Exercise:
Retype exactly what appears below from the line containing "Buena fiesta atelier social club !" down to the line containing "近日,在中建四局成都高新区体", keeping both end lines. Do not include pictures.

Data listing:
"""

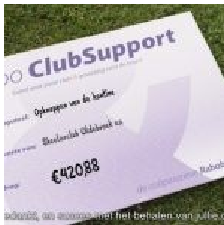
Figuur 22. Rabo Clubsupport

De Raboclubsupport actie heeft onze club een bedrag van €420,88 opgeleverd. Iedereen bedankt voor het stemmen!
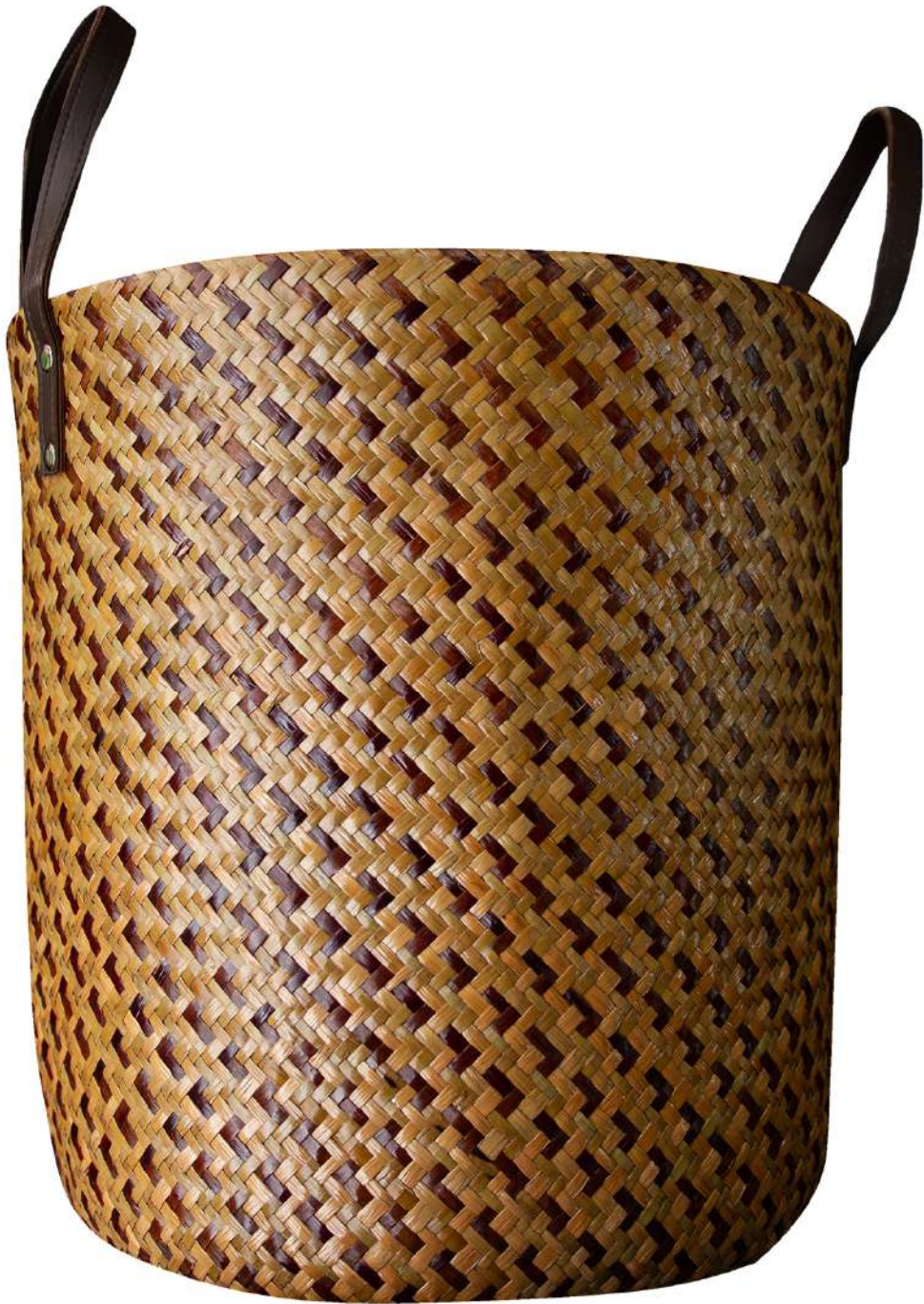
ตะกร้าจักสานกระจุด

"""
"""

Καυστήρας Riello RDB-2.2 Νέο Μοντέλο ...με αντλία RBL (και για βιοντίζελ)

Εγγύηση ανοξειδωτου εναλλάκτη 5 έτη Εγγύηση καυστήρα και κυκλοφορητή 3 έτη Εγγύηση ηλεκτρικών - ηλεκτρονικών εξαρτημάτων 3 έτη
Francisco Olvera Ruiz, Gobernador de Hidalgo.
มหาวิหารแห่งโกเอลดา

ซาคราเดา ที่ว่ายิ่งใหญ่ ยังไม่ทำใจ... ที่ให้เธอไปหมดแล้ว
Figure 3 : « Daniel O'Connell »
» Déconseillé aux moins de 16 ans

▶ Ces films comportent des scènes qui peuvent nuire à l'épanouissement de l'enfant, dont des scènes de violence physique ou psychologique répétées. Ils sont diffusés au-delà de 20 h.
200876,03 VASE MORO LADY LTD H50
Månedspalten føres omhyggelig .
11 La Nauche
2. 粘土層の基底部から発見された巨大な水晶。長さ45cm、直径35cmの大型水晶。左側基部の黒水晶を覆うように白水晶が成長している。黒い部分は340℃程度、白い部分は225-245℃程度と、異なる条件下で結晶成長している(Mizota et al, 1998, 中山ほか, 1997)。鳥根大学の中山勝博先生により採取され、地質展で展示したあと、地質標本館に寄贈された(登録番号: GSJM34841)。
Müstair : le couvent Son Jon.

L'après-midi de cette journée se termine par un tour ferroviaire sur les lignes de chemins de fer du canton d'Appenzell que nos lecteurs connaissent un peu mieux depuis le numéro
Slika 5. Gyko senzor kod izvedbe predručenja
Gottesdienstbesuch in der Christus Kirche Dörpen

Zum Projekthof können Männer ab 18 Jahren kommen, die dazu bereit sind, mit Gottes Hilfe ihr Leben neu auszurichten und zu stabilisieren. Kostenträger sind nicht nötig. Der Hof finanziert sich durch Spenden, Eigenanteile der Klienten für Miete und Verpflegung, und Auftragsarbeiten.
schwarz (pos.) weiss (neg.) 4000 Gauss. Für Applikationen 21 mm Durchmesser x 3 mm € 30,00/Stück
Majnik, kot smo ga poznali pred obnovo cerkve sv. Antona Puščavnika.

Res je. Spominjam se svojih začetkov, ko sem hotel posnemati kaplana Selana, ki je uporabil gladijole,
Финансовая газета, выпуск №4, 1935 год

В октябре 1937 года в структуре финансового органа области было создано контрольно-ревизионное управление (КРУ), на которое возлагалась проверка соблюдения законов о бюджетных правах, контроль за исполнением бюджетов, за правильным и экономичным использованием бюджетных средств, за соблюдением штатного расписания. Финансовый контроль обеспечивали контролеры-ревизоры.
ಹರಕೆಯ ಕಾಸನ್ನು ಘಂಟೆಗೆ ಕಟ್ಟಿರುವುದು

"""
"""

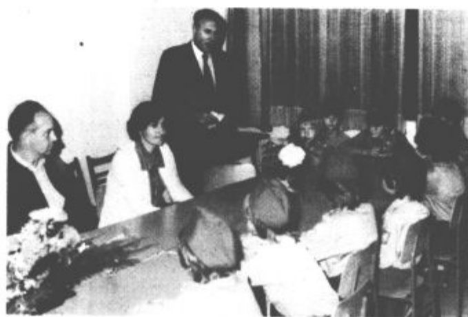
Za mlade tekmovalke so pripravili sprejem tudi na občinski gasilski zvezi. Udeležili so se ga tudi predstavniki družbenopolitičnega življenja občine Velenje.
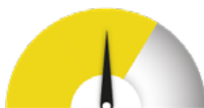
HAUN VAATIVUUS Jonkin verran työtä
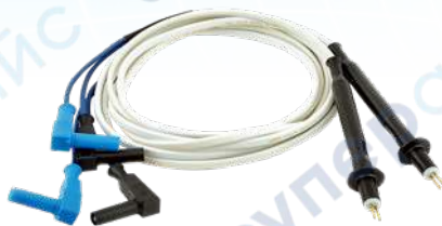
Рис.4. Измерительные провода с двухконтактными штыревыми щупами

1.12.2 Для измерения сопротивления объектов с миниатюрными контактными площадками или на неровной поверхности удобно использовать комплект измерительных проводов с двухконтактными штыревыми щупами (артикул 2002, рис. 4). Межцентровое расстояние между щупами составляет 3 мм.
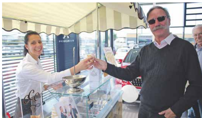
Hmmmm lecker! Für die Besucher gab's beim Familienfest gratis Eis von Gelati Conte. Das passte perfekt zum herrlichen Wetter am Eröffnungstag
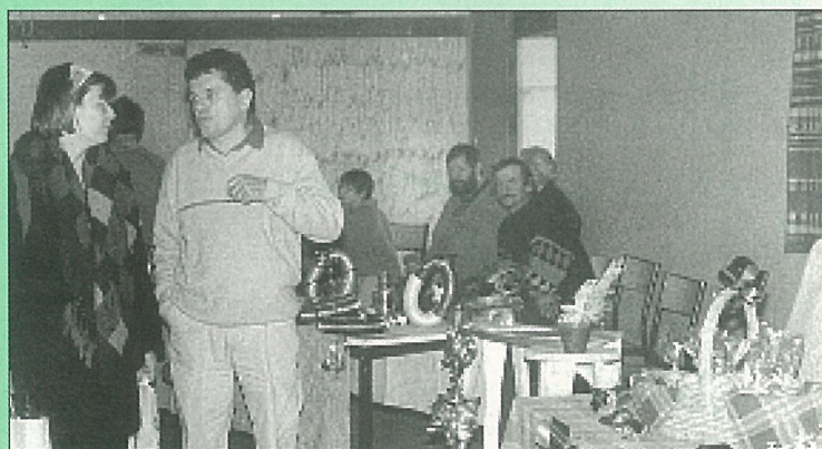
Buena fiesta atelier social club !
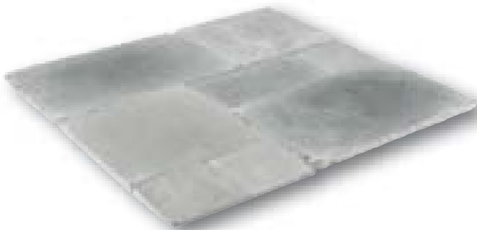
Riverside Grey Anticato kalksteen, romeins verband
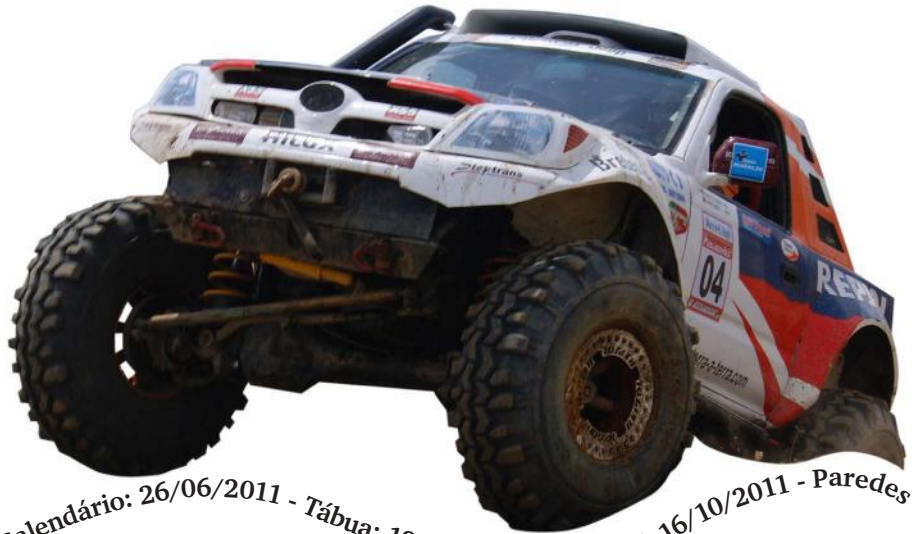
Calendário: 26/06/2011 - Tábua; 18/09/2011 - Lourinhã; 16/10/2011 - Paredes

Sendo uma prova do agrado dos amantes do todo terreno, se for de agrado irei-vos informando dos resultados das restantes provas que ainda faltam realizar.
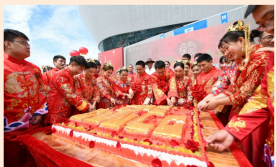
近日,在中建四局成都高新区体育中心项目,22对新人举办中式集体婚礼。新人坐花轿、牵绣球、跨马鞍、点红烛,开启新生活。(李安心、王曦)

"""

The answer:
Buena fiesta atelier social club !
Riverside Grey Anticato kalksteen, romeins verband
Calendário: 26/06/2011 - Tábua; 18/09/2011 - Lourinhã; 16/10/2011 - Paredes

Sendo uma prova do agrado dos amantes do todo terreno, se for de agrado irei-vos informando dos resultados das restantes provas que ainda faltam realizar.
近日,在中建四局成都高新区体育中心项目,22对新人举办中式集体婚礼。新人坐花轿、牵绣球、跨马鞍、点红烛,开启新生活。(李安心、王曦)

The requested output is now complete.